一方、家計調査では失業率が前月から▲0.3%ポイント低下し、FOMC参加者の16年予想(4.8%)を下回った。しかしながら、労働参加率が2ヵ月連続で低下しており、労働市場からの退出者が2ヵ月連続で40万人超となるなど、必ずしも労働需給がタイトになっていることを示していないことに注意する必要がある。
また、時間当たり賃金(全雇用者ベース)も、前月比が▲0.1%(前月:+0.4%、市場予想:+0.2%)と高い伸びとなった前月の反動が考えられるものの、市場予想を下回り15年12月以来のマイナスとなった。

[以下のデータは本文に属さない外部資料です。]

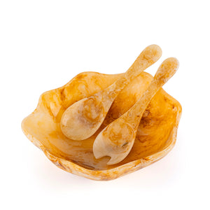 طقم من وعاء تقديم كبير من الراتنج مع ملعقتين مع بوكس هدايا – عنبر

さらに、前年同月比でも+2.5%(前月:+2.8%、市場予想:+2.8%)と、前月、市場予想を下回り、改善が一服した(図表1)。
このようにみると、11月の雇用統計は失業率が大幅に低下したものの、労働参加率や賃金上昇率など、労働需給のタイト化を示す結果とは言えない。もっとも、雇用は堅調な伸びが続いており、全体的には労働市場の改善基調が持続していると判断できる。

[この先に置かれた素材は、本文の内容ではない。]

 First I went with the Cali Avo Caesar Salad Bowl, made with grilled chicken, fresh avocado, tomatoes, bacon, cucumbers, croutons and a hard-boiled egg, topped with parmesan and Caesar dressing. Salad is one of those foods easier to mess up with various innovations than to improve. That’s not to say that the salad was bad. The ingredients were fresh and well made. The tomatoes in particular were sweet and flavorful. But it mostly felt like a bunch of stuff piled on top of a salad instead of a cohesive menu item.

12月13~14日にかけてFOMC会合が行われるが、金融政策の結果に影響を与えるような重要指標の発表は予定されていないことから、米実体経済の状況は12月の利上げの障害とならない。また、金融市場も長期金利上昇やドル高など米経済にとって好ましくない状況がみられるものの、株式市場が最高値圏で推移するなど投資家のリスク回避的な動きがみられないことから、12月の追加利上げはほぼ確実だろう。
事業所調査の詳細:製造業の雇用減少は持続
事業所調査のうち、非農業部門雇用増の内訳は、民間サービス部門は前月比+13.9万人(前月:+12.8万人)と前月を上回った(図表2)。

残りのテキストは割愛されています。